> **Information shown**

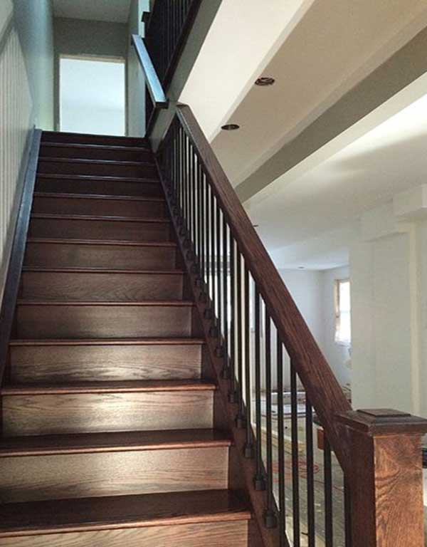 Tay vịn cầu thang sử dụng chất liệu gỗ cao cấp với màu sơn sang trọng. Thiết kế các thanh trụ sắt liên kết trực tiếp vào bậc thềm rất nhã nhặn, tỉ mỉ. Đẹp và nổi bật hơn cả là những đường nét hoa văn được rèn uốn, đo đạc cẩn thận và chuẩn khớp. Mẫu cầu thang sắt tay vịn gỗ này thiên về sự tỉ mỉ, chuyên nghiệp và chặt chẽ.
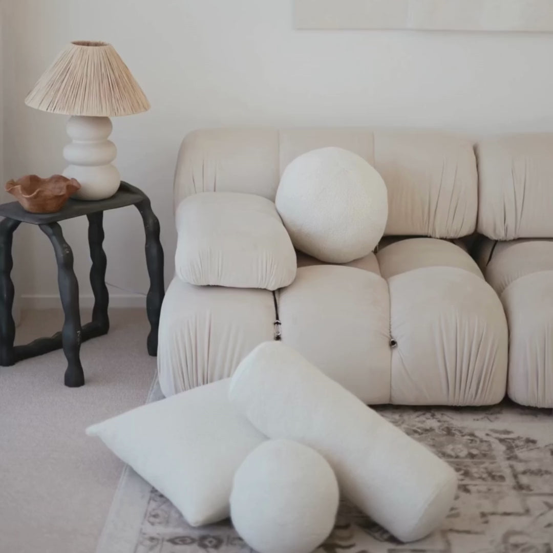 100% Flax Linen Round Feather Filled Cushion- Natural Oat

---

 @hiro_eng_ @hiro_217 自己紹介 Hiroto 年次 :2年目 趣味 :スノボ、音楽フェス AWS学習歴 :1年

> **Aim of the exercise**
The answer is the lines of the material above, from the one containing "Tay vịn cầu" down to the one containing "100% Flax Linen", given exactly and without images.

> **Task answer**
 Tay vịn cầu thang sử dụng chất liệu gỗ cao cấp với màu sơn sang trọng. Thiết kế các thanh trụ sắt liên kết trực tiếp vào bậc thềm rất nhã nhặn, tỉ mỉ. Đẹp và nổi bật hơn cả là những đường nét hoa văn được rèn uốn, đo đạc cẩn thận và chuẩn khớp. Mẫu cầu thang sắt tay vịn gỗ này thiên về sự tỉ mỉ, chuyên nghiệp và chặt chẽ.
 100% Flax Linen Round Feather Filled Cushion- Natural Oat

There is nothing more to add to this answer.